> _Work to be completed_
Only the lines of the listing below that run from the line with "真っ白な砂地にポツンとあるイソギンチャクに住んでいるトウアカクマノミ。" through the line with "CSA. T-71. $1." are to be set down, word for word. Pictures stay out.

> _Source information_
******
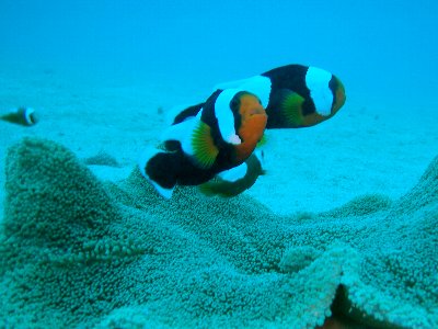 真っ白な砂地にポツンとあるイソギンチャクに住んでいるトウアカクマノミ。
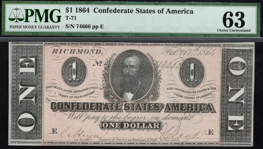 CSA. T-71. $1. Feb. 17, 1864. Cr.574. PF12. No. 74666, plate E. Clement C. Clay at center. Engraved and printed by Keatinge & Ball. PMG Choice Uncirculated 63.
******
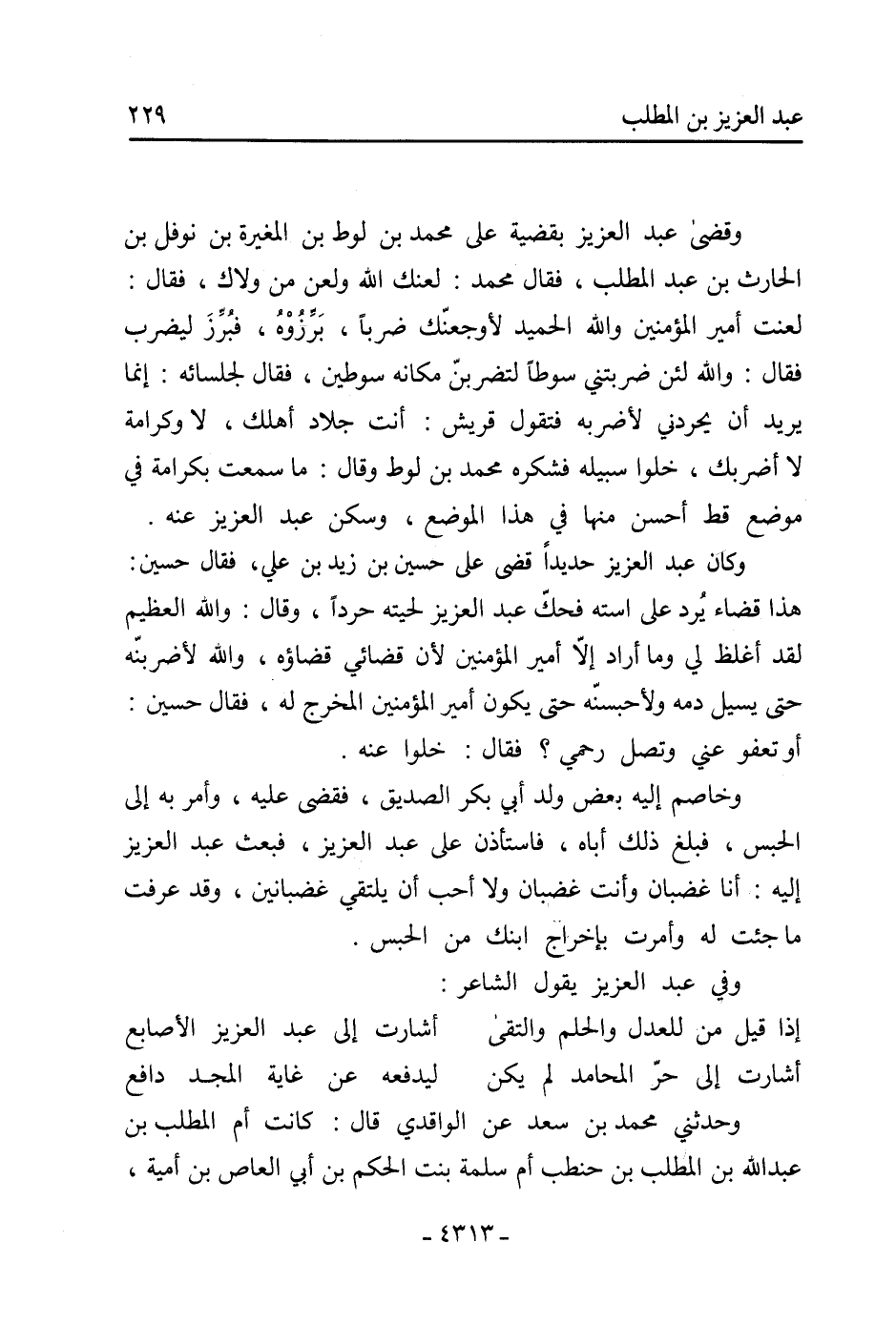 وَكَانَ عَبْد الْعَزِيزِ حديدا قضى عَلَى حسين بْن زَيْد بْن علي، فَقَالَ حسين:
******
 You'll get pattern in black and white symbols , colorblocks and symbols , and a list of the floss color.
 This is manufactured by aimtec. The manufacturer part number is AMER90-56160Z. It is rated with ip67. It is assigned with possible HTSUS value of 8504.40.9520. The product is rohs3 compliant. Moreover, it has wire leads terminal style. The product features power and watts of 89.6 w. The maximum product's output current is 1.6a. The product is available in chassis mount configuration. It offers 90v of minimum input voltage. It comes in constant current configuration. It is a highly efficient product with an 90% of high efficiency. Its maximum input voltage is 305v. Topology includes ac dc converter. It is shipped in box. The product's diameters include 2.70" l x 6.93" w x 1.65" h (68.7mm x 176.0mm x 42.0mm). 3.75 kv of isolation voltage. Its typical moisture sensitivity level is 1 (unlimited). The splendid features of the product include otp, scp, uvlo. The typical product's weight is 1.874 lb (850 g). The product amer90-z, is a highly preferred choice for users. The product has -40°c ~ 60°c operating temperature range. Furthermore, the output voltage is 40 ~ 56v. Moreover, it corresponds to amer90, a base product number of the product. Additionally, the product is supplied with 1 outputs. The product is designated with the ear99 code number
******
> _Result for this exercise_
 真っ白な砂地にポツンとあるイソギンチャクに住んでいるトウアカクマノミ。
 CSA. T-71. $1. Feb. 17, 1864. Cr.574. PF12. No. 74666, plate E. Clement C. Clay at center. Engraved and printed by Keatinge & Ball. PMG Choice Uncirculated 63.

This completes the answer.